Our field method does not have the power to distinguish how trees differentially respond to both deer species and thus, we can only test how saplings respond to the combined effect of roe deer and red deer. Thus, roe deer and red deer showed a weak increase in patch utilization in sapling communities dominated by F. sylvatica and a reduced patch utilization in sapling communities dominated by B. pendula, B. pubescens, P. sylvestris, Q. rubra and P. menziesii (Electronic Supplemental Material A4). This suggests that deer spend less time in palatable tree communities where they get more energy from readily available nutrients and hide in denser forest stand rather than in more open understory shrub stands. Interestingly, the positive association between F. sylvatica with deer patch utilization is explained by the tolerance to browsing by this tree species (Vandenberghe et al. 2008).

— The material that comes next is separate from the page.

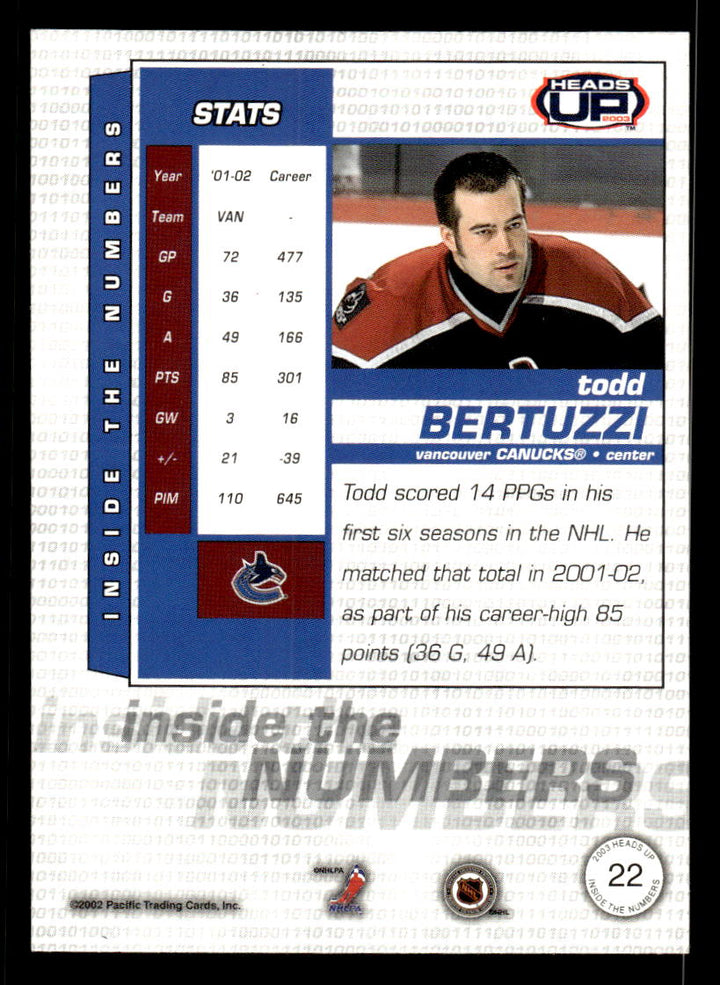 2002 PACIFIC HEADS TODD BERTUZZI 22 MINT INSIDE NUMBERS HOCKEY VANCOUVER CANUCKS

When assessing the total percentage of browsed saplings discriminated by tree species, deer have a strong preference for broadleaf species (browsed sapling ranged between 12 and 41% per species) over conifers (browsed saplings ranged between 0.8 and 2.5% per species). Selective herbivory often leads to changes in forest composition. Tree diversity increased as a response to light in the understory (β = 0.16). When assessing the responses of the PCA axes we found that tree composition along Dim1 was negatively explained by deer browsing (β = − 0.22) and positively explained by light (β = 0.18), while tree composition along Dim2 was positively explained by light (β = 0.38) and not by deer activity. Suggesting that abiotic conditions followed by herbivory are important factors shaping forest recruitment in these forests (Kuijper et al. 2010).

Research outlook

We found that top-down and deer population abundance have similar, simultaneous and strong effects on both red and roe deer, but only roe deer were affected by bottom-up forces. The lack of relationship between red deer and bottom-up forces might have been an artifact of the chosen variables as they do not capture the full breadth of how the landscape matrix shapes behavioural responses of red deer. The Veluwe is the largest continuous forest in the Netherlands and attracts millions of recreationists every year. On-site, people engage in several activities that disturb the environment and because of the complexity of the interactions, it is not entirely understood how these activities affect wildlife. The most common are nature watchers, athletes and recreationalists. By scaling-up the survey design it will be possible to have a wider understanding of how population size of deer, top-down and bottom-up forces regulate patch utilization by a strict browser and a mix feeder (Ramirez 2021). This can be achieved by including all habitat types (i.e., forest, heath and grassland), quantifying number of visitors per area and applying a longitudinal approach that captures shifts in patch utilization by deer as a response to seasonality.

Conclusion

We found that top-down and deer population abundance have similar, simultaneous and strong effects on both red and roe deer, but only roe deer were affected by bottom-up forces. Suggesting that the time roe deer spend in a patch is adequate for not increasing or decreasing the recruitment heterogeneity of these forests. Yet, light availability proved to be the most important factor in shaping forest composition and diversity. The fact that these results are species specific, even when species live in the same area and belong to the same animal guild, confirms that roe deer and red deer differentially experience, interact with and shape their surrounding landscape.